Each replicator object is paired with a defect tracker object, which
represents the connection to the defect tracking system. The defect
tracker object in Python belongs to a subclass of the
defect_tracker
class in the replicator
module.
The defect tracker object will in turn use some interface to connect to the defect tracking system. This may be an API from the defect tracking vendor, or a direct connection to the database.
The structure of the replicator is illustrated in figure 1.
Figure 1. The
replicator structure
Each replicator has a unique identifier. This is a string of up to 32 characters that matches the syntax of an identifier in C (only letters, digits and underscores, must start with a letter or underscore). The replicator identifier can be used as a component of other identifiers where it is necessary to distinguish between different replicators. The replicator identifier makes it possible to support organizations with multiple defect tracking servers and/or multiple Perforce servers (requirements 96, 97 and 98).

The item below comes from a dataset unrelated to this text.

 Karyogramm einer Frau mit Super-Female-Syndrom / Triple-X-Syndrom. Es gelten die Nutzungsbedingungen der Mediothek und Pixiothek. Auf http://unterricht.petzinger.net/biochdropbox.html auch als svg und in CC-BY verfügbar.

When the integration is installed, the administrator must extend the
Perforce jobspec P4DTI-rid
field which contains the
identifier of the replicator which replicates that job (see section 4.3). The integration must extend the
defect tracking system's issue table the first time it runs with a field
that will contain a replicator identifier. This field will not be
filled in until the issue is selected for replication; see section 2.9.
A consequence of this design is that each job is replicated to one and only one issue (and vice versa).

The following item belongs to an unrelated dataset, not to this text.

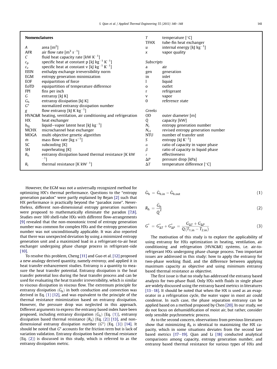 但是,EGM并不是公认的优化HX热性能的方法。Bejan [2]部分解释了“熵产生悖论”的问题,使得HX的性能实际上超出了“悖论区”。然而,提出了不同的无量纲熵数来消除悖论[7,8]。研究了100种不同流量排列的管壳HXs [9]发现熵生代数的非单调趋势对于复杂的HXs是常见的,并且熵生成数不是无条件适用的。另据报道,在制冷剂侧[10]中经历相变过程的制冷剂用在空气热交换器中,通过使用最小熵产生单元和最大负荷出现意外偏差。

Each Perforce server has a unique identifier. This is a string of up to 32 characters that matches the syntax of an identifier in C (only letters, digits and underscores, must start with a letter or underscore). The server identifier makes it possible to support organizations with multiple Perforce servers (requirements 97 and 98).
The integration must extend the defect tracking system's issue table the first time it runs with a field that will contain the Perforce server identifier of the server the issue is replicated to. This field will not be filled in until the issue is selected for replication; see section 2.9.
Note that the design of the replicator means that each replicator corresponds to exactly one Perforce server. However, this is an incidental feature of the implementation, not a principle on which you can depend. So make sure you always bear in mind the possibility that a replicator may replicate to multiple Perforce servers.
At initialization time, each defect tracker object will provide to the defect tracking system the Perforce servers it supports replication to (for example, it may put this information in a table in the defect tracking database). This allow the defect tracking system to present the name of the server that each issue is replicated to.
The replicator needs to find the issue corresponding to a job and the
job corresponding to an issue. At installation time, the administrator
must extend the Perforce jobspec with a P4DTI-issue-id
field
which, if the job is being replicated, will contain a string from which
the defect tracker object can deduce the identifier of the corresponding
issue (see section 4.2). (I expect this to
be issue identifier itself, if it is a string, or a string conversion,
if it is a number, but any string representation is allowed.) The
integration must extend the defect tracking system's issue table the
first time it runs with a field that will contain the name of the
corresponding job.
The choice of jobname for new jobs that correspond to issues is up to the defect tracker object.
We don't use the jobname to represent the mapping, because we need to support migration from just using jobs without renaming the existing jobs, to meet requirement 95.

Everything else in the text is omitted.